As COSO and ISO continue to suggest or imply that strategic risk has multiple dimensions, it is worth considering how these dimensions can result in alternative scenarios. A review of the strategy and disruption reading list on the prior blog (or taking my strategic risk analysis class) would suggest that the relationship between performance over time depends upon managing the strategic risks. Managing or not managing these strategic risk dimensions can lead to two alternatives: cool or uncool.
Cool: The organization understands the current market, regularly challenges their view, and identifies (and measures success on) future dimensions.
Not Cool: Management has not given much thought (nor analyzed) as to how their business aligns to the market, environment, and its direction.
Cool: The organization builds capabilities and market advantages based on a reasonable analysis of the market and expectations of future gains and cash flows.
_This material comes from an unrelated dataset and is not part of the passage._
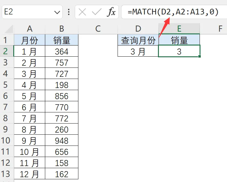 由于 “3 月” 在 A2:A13 列区域中的相对位置是第 3 位,所以 “MATCH(D2,A2:A13,0)” 返回的结果为 3。

Not Cool: The organization spends its money primarily based on last year's budget or has no idea how the budget aligns to building strategic advantages.
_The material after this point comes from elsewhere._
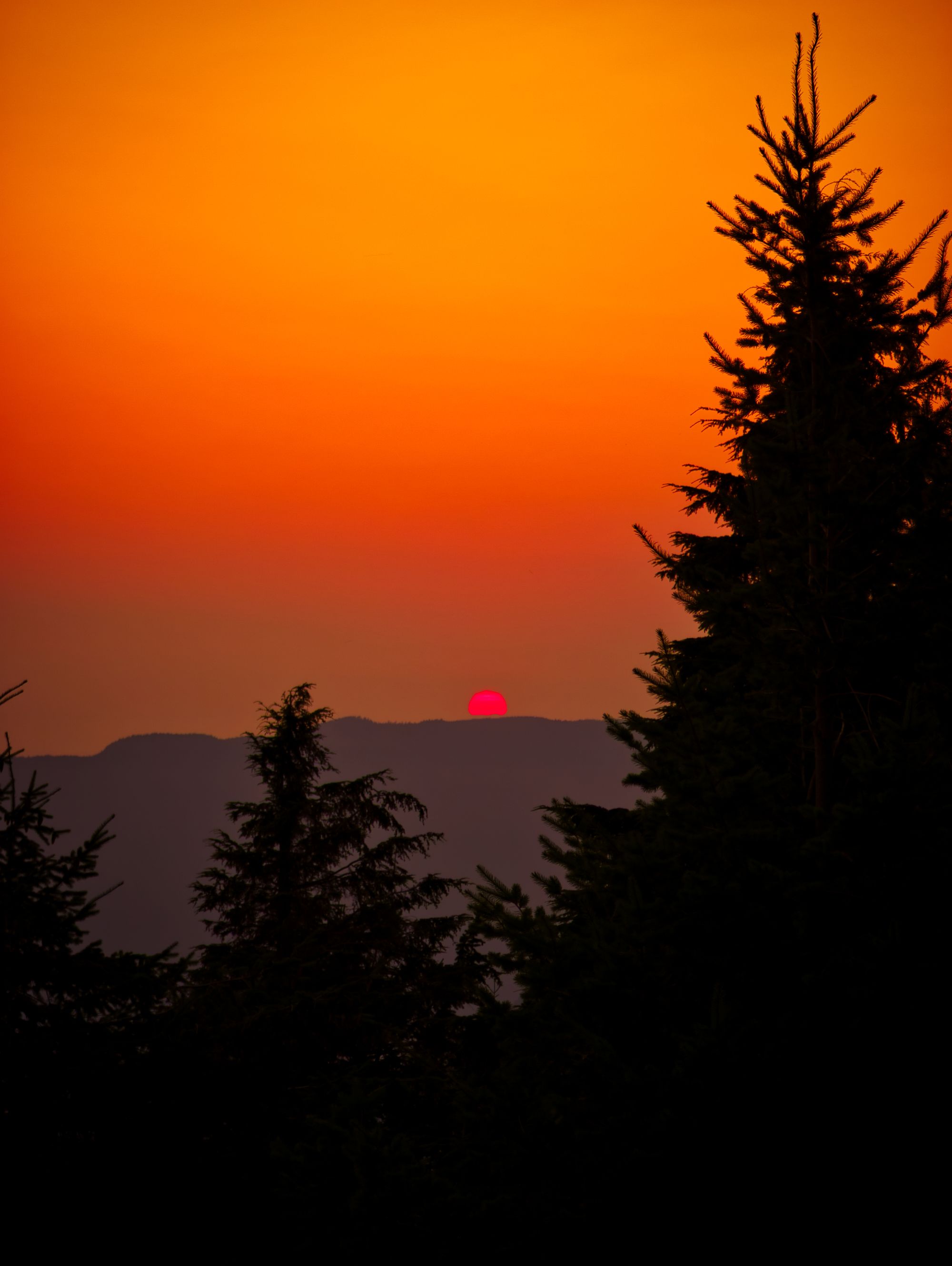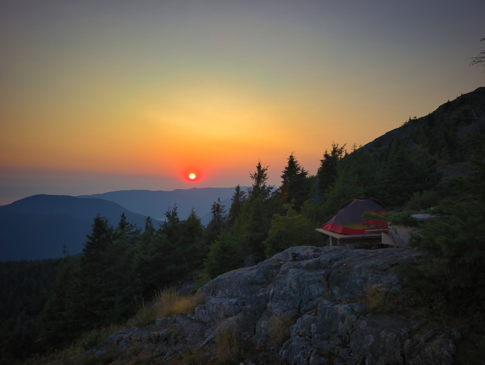 We came back down about an hour before sunset and watched the sun go down with the other hikers staying the night. It was an interesting sunset, the sun red and swollen as it cut through the smoke and haze. It slowly sank beyond the horizon, illuminating the island mountains in the distance as it disappeared from view.

Cool: The business model is clearly understood, frequently tested, and customers relationships are powerful, sticky, and linked to value. New business models, innovations, or service opportunities are regularly sought after.
Not Cool: Just go sell something.
Cool: The organization recognizes it is an uncertain, disruptive, and changing world and aggressively seeks to gain more knowledge, minimize surprises, be robust when surprises occur (knowing they can occur), and be agile in quickly responding to changes.
Not Cool: The organization regularly gets surprised and has trouble recovering or adapting from certain events, regularly disappointing stakeholders.